**** SOURCE MATERIAL
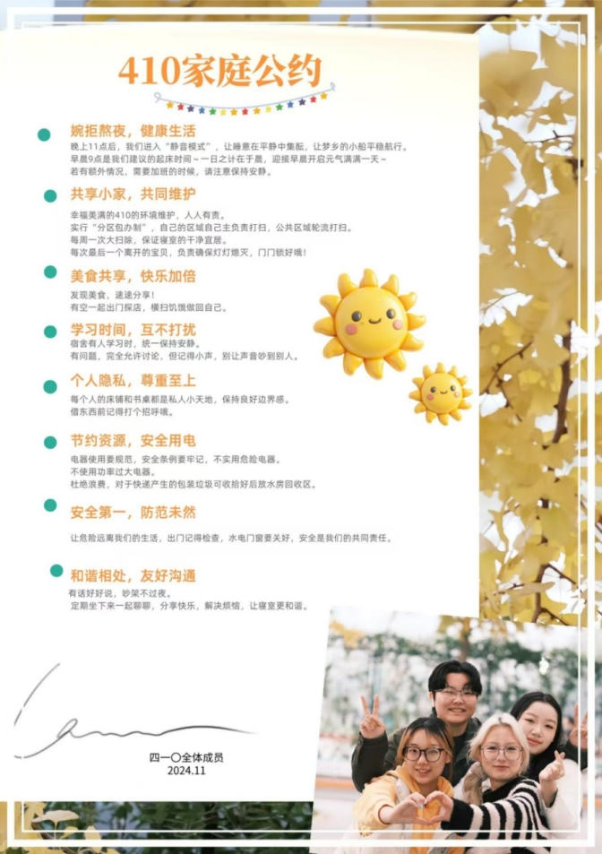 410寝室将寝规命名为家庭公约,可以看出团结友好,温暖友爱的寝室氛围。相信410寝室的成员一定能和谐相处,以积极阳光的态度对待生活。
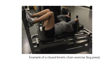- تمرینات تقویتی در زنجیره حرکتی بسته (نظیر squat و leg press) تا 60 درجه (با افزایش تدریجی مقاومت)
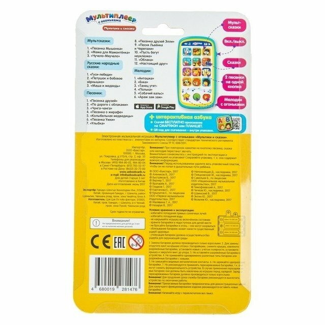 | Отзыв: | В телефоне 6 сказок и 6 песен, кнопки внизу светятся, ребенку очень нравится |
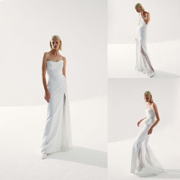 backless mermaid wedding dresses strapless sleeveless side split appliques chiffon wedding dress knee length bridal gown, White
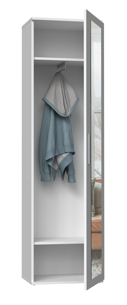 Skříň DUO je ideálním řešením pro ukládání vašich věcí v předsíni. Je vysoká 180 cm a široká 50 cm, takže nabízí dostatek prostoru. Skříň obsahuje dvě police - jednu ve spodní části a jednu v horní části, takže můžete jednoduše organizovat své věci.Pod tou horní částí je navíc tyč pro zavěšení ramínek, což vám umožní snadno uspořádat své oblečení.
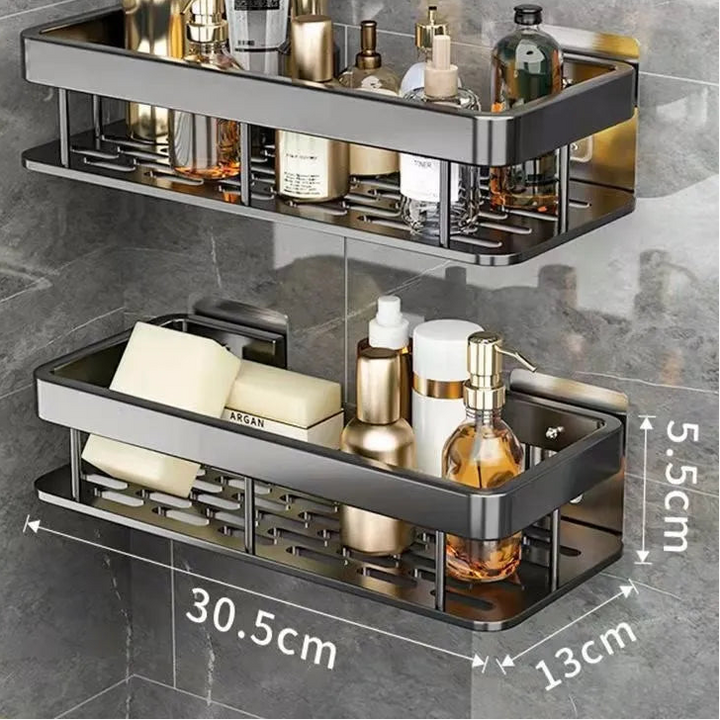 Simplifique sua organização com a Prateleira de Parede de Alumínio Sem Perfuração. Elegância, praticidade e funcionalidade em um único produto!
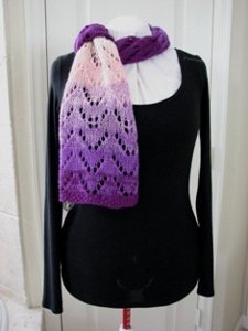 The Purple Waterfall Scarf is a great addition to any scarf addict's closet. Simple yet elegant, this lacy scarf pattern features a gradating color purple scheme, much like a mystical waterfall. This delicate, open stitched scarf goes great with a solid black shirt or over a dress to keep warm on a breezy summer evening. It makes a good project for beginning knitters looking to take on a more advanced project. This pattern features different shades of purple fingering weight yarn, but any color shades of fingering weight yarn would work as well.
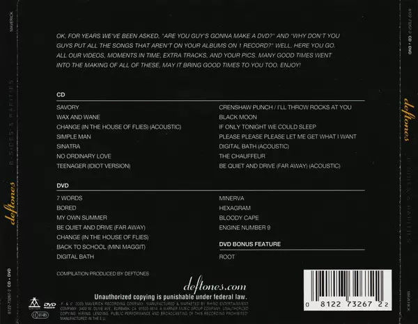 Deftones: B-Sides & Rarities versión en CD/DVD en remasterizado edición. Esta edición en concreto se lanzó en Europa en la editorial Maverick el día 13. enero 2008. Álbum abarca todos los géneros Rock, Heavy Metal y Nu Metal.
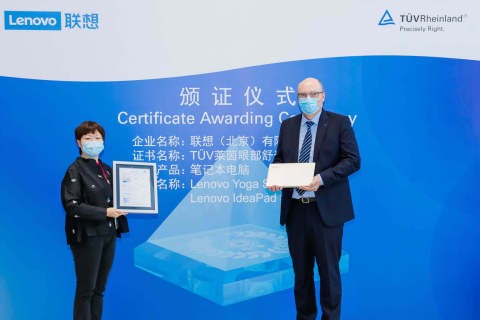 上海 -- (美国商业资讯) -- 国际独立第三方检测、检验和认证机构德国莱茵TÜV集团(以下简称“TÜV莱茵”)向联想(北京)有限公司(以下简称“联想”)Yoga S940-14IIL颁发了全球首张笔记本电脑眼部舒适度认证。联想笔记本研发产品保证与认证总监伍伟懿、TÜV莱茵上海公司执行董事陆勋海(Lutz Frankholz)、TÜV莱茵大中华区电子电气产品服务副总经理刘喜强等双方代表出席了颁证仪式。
********
**TASK DESCRIPTION**
Your answer must be an exact repeat of all the records, minus the pictures.

**ANSWER TO THE EXERCISE**
 410寝室将寝规命名为家庭公约,可以看出团结友好,温暖友爱的寝室氛围。相信410寝室的成员一定能和谐相处,以积极阳光的态度对待生活。
- تمرینات تقویتی در زنجیره حرکتی بسته (نظیر squat و leg press) تا 60 درجه (با افزایش تدریجی مقاومت)
 | Отзыв: | В телефоне 6 сказок и 6 песен, кнопки внизу светятся, ребенку очень нравится |
 backless mermaid wedding dresses strapless sleeveless side split appliques chiffon wedding dress knee length bridal gown, White
 Skříň DUO je ideálním řešením pro ukládání vašich věcí v předsíni. Je vysoká 180 cm a široká 50 cm, takže nabízí dostatek prostoru. Skříň obsahuje dvě police - jednu ve spodní části a jednu v horní části, takže můžete jednoduše organizovat své věci.Pod tou horní částí je navíc tyč pro zavěšení ramínek, což vám umožní snadno uspořádat své oblečení.
 Simplifique sua organização com a Prateleira de Parede de Alumínio Sem Perfuração. Elegância, praticidade e funcionalidade em um único produto!
 The Purple Waterfall Scarf is a great addition to any scarf addict's closet. Simple yet elegant, this lacy scarf pattern features a gradating color purple scheme, much like a mystical waterfall. This delicate, open stitched scarf goes great with a solid black shirt or over a dress to keep warm on a breezy summer evening. It makes a good project for beginning knitters looking to take on a more advanced project. This pattern features different shades of purple fingering weight yarn, but any color shades of fingering weight yarn would work as well.
 Deftones: B-Sides & Rarities versión en CD/DVD en remasterizado edición. Esta edición en concreto se lanzó en Europa en la editorial Maverick el día 13. enero 2008. Álbum abarca todos los géneros Rock, Heavy Metal y Nu Metal.
 上海 -- (美国商业资讯) -- 国际独立第三方检测、检验和认证机构德国莱茵TÜV集团(以下简称“TÜV莱茵”)向联想(北京)有限公司(以下简称“联想”)Yoga S940-14IIL颁发了全球首张笔记本电脑眼部舒适度认证。联想笔记本研发产品保证与认证总监伍伟懿、TÜV莱茵上海公司执行董事陆勋海(Lutz Frankholz)、TÜV莱茵大中华区电子电气产品服务副总经理刘喜强等双方代表出席了颁证仪式。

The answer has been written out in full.